Due south of Robbers Roost Canyon above the canyon rim there is knoll on which stands our snowman. He is there at the end of the road, the end of the line, contemplating the silliness od his existence. He doesn’t know better and neither did the two people that built him. He is facing northeasterly into the wilderness that Butch Cassidy and his band of robbers only knew, only a few years ago. Now it is known by outdoor enthusiasts.
Arriving at the end of Dead End Road is like arriving at one of the most ethereal places I’ve found in the desert. It was a combination of little side roads that took us there and by no guessing and no direction at all we came up and found ourselves starring down into the beautiful rocky canyons of Robbers Roost. In all my desert travels I have never ended up where I wanted to be by accident. But there’s a snowman there now. Just a snowman.

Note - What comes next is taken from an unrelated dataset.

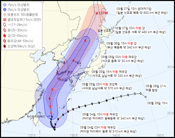 일본 기상청 태풍 경로 예상은 우리나라 부산쪽으로 거의 상륙후 지나가는 경로를 보여주고 있습니다. 태풍의 위험 반경은 동쪽인데, 동쪽은 해상이니 일본으로서는 다행이라고 생각하겠네요.

Our snowman represents the simpler things in life. In total we drove 500 miles to build a snowman on the edge of nowhere. There wasn’t anything else we could do there but build a snowman. We couldn’t even stay very long because of the continual snow. There are these moments in life: all tied up in the world of technology and progress and the peaceful moments when nothing really matters, only living.
Down at the end of Dead End Road, we lived like people and not gears in the machine. Is there anything more important than living as a person whose thoughts are his own, or her own, and not purchased by the hour by some “entrepreneur” as it were?
I’ve had a continual argument festering in my mind that has something to do with what Karl Marx talked about: Men become part of the machine of society, partly to survive, and then, slowly, the man is stripped from him. By the time this happens he is only concerned with surviving with what can be purchased with payment received from his labor. He survives to work among the cogs and gearing. He is a slave to the machine.
And Thoreau, what about that man is important? I mean, living on the edge of a pond wasting away in a the pages of his own work? Well, have you ever enjoyed a cup of tea on the crisp morning air at the edge of a pond knowing that you fully own your life and that you report to no one for livelihood? Think about that. Think about building a snowman in the middle of the desert and all the while you have no one to report to. Just think about climbing a mountain and knowing that once the summit is reached you don’t have to hurry down to join the rest of the world.
Traveling down the trail without a name is part of that ideal. Find yourself and break loose from the perpetual habit of submission. Be full of life and live something better. You don’t have to quit your job but save the most important part of yourself for you and those moments.